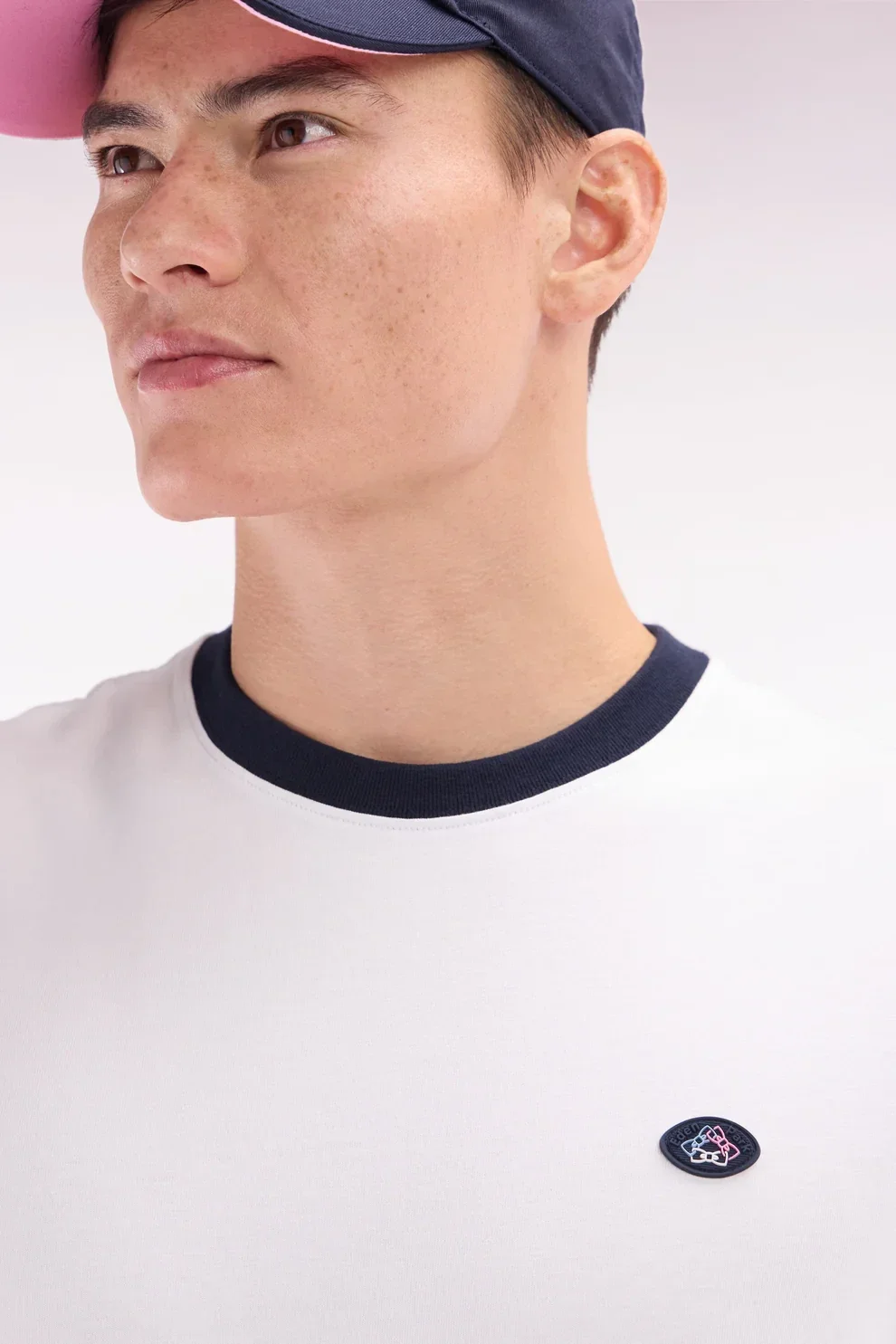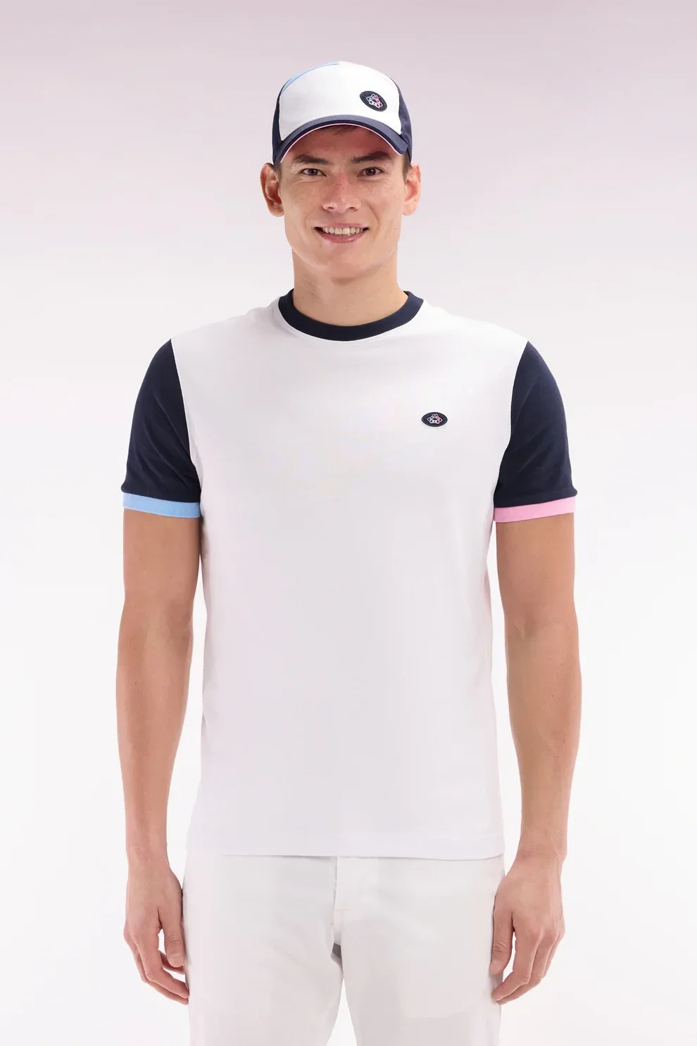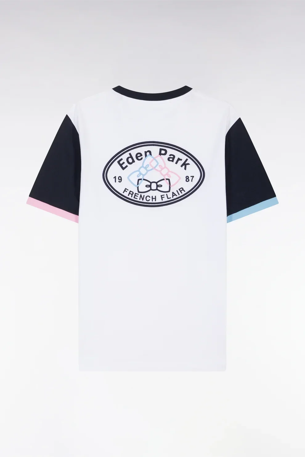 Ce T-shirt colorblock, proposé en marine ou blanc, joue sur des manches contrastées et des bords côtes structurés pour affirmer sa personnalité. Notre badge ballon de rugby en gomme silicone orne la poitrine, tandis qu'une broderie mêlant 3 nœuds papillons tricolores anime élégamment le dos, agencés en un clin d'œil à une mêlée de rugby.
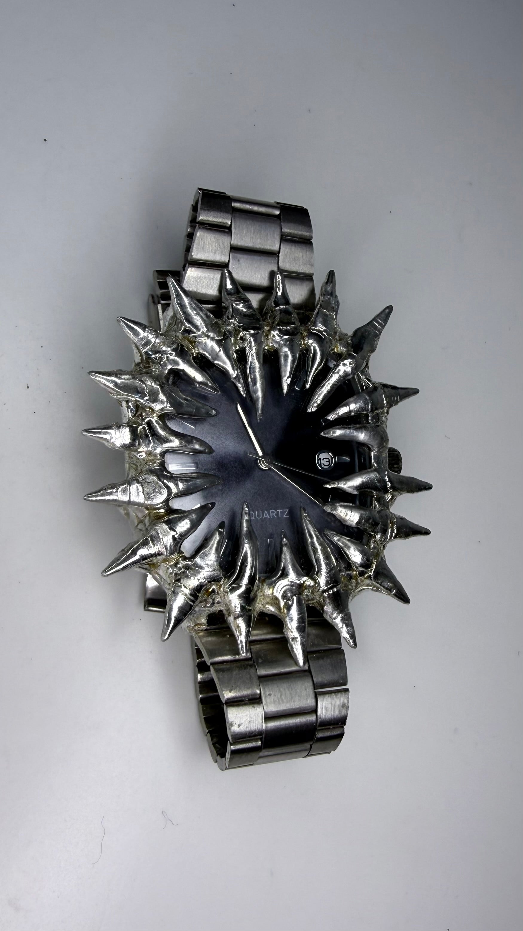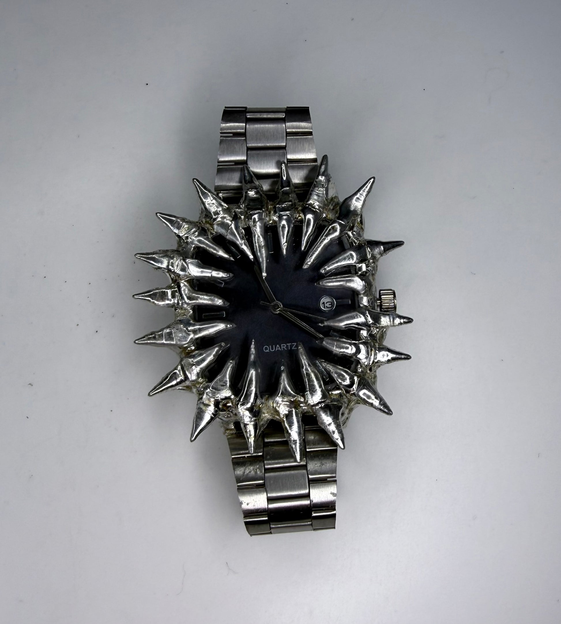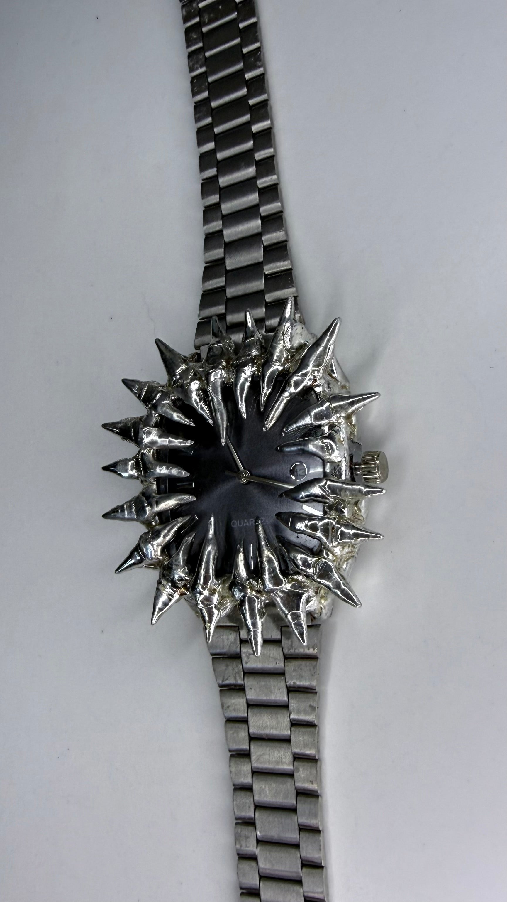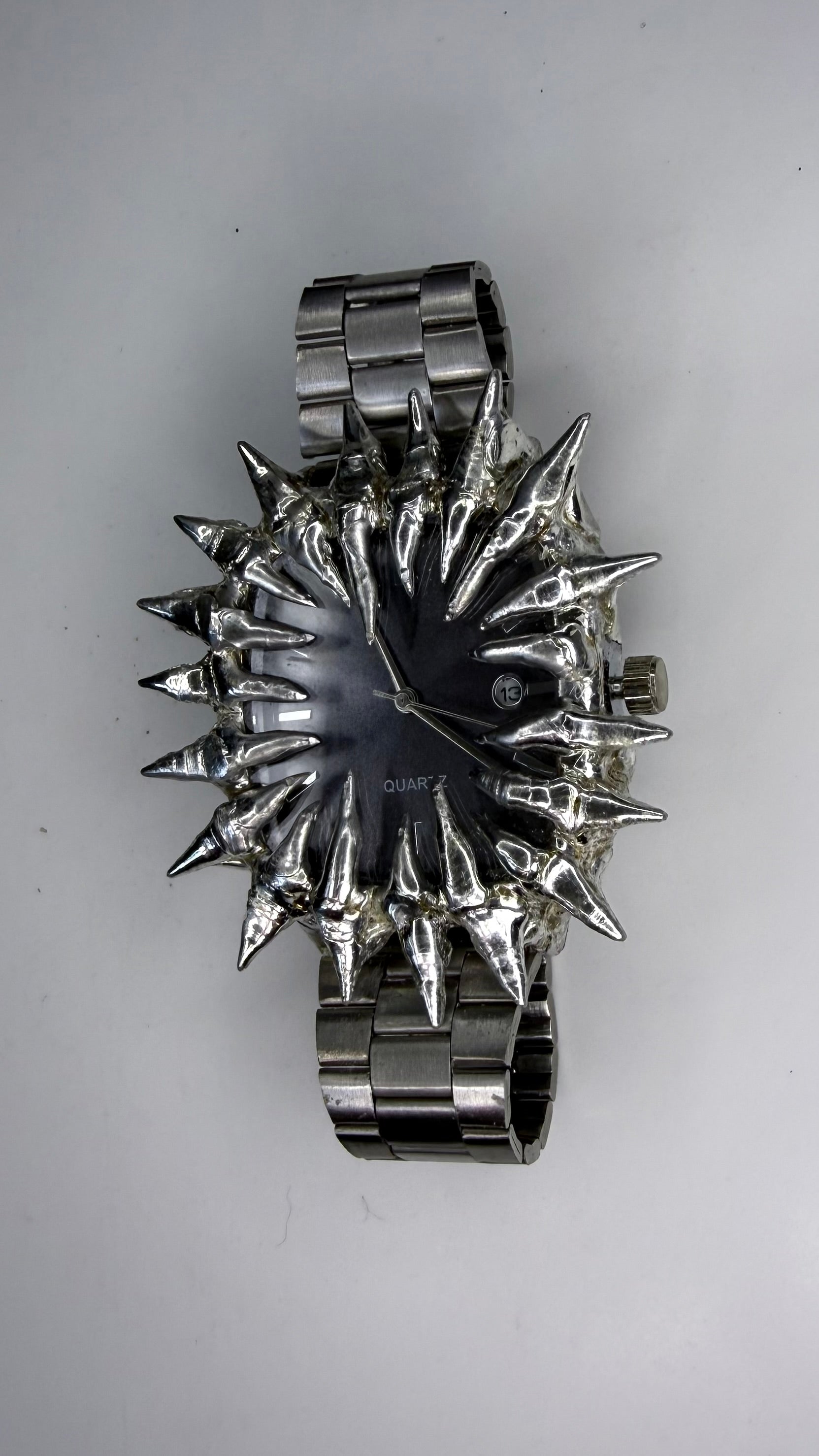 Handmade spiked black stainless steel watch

------------------------------

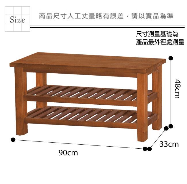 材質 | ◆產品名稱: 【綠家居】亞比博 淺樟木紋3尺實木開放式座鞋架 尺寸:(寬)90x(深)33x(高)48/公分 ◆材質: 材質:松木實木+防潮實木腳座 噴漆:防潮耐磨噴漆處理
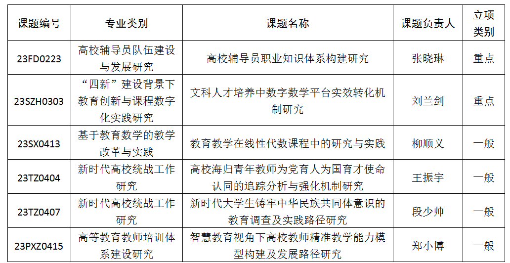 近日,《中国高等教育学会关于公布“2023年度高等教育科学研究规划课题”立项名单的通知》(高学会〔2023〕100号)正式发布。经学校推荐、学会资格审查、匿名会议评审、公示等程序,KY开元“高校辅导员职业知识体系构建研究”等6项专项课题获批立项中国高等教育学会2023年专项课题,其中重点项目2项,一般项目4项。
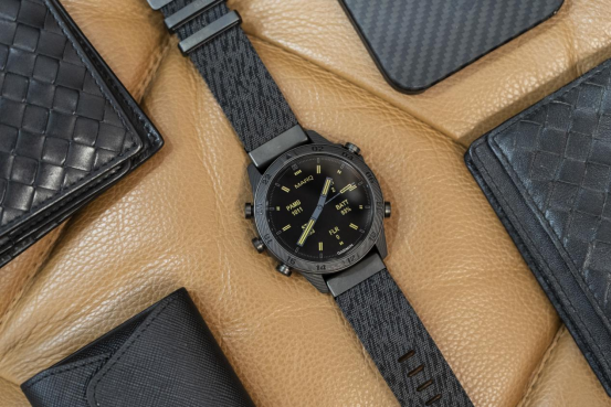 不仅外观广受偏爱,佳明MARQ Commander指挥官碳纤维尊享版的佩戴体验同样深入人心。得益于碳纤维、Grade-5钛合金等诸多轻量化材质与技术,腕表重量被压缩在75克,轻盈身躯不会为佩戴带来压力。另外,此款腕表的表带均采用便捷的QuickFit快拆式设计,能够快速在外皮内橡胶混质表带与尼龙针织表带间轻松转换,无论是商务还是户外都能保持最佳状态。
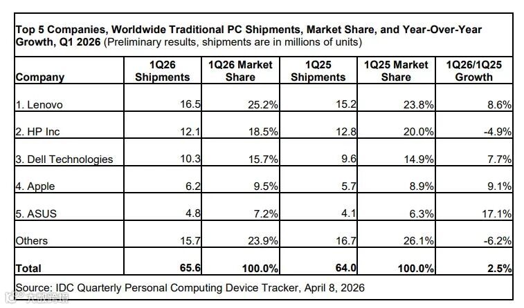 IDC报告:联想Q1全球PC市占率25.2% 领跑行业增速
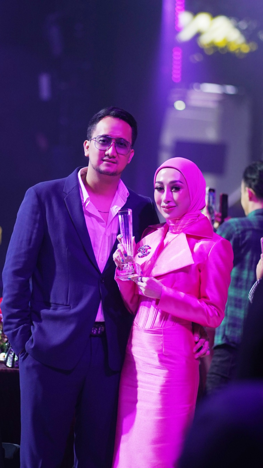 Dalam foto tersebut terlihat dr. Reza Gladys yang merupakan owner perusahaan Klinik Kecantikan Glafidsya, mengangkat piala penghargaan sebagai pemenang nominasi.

------------------------------

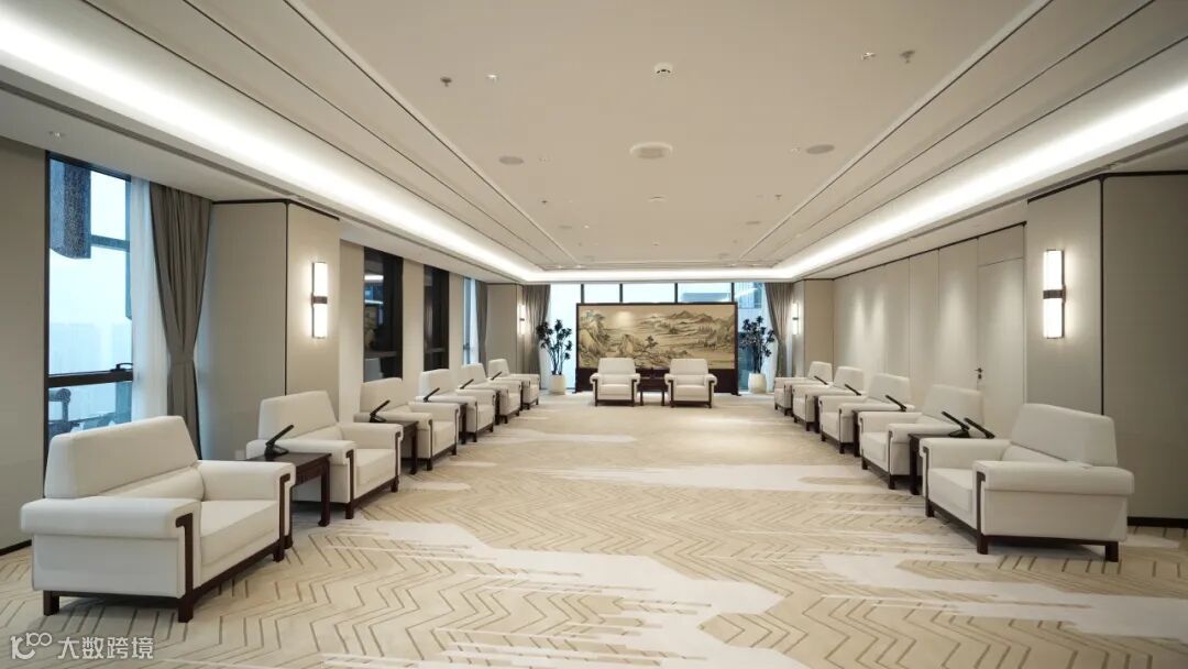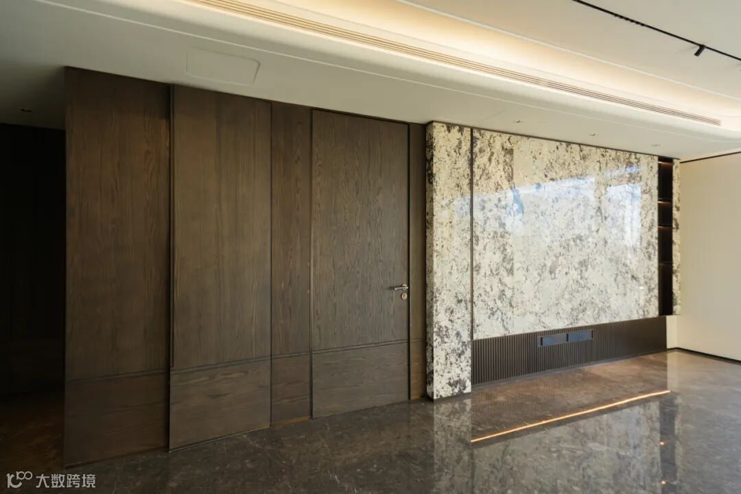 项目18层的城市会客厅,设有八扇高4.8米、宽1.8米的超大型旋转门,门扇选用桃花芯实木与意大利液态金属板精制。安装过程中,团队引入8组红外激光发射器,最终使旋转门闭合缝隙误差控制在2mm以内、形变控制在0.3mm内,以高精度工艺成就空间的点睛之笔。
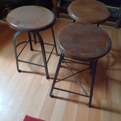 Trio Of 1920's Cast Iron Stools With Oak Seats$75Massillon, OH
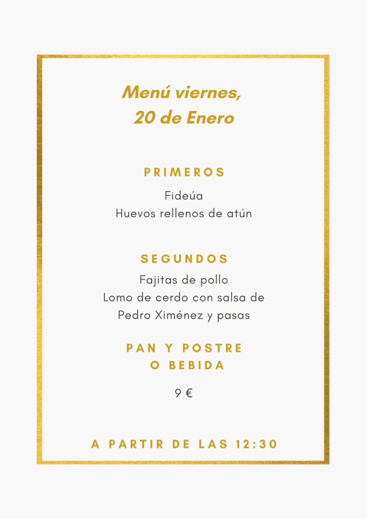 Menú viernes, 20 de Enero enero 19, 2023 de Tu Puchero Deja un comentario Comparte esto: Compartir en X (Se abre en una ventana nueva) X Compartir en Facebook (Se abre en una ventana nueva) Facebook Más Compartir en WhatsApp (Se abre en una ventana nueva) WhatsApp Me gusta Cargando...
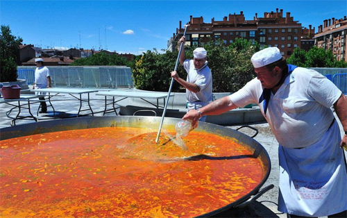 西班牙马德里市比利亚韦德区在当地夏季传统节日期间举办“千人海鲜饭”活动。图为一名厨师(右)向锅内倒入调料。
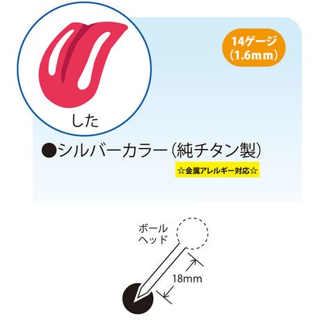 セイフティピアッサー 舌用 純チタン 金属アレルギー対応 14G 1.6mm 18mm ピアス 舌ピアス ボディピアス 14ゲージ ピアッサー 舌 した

------------------------------

**Task brief**. Write out, word for word, the stretch of entries that begins at the line with "Ce T-shirt colorblock, proposé" and ends at the line with "Handmade spiked black stainless steel watch". Pictures do not belong in it.

**Answer**.
 Ce T-shirt colorblock, proposé en marine ou blanc, joue sur des manches contrastées et des bords côtes structurés pour affirmer sa personnalité. Notre badge ballon de rugby en gomme silicone orne la poitrine, tandis qu'une broderie mêlant 3 nœuds papillons tricolores anime élégamment le dos, agencés en un clin d'œil à une mêlée de rugby.
 Handmade spiked black stainless steel watch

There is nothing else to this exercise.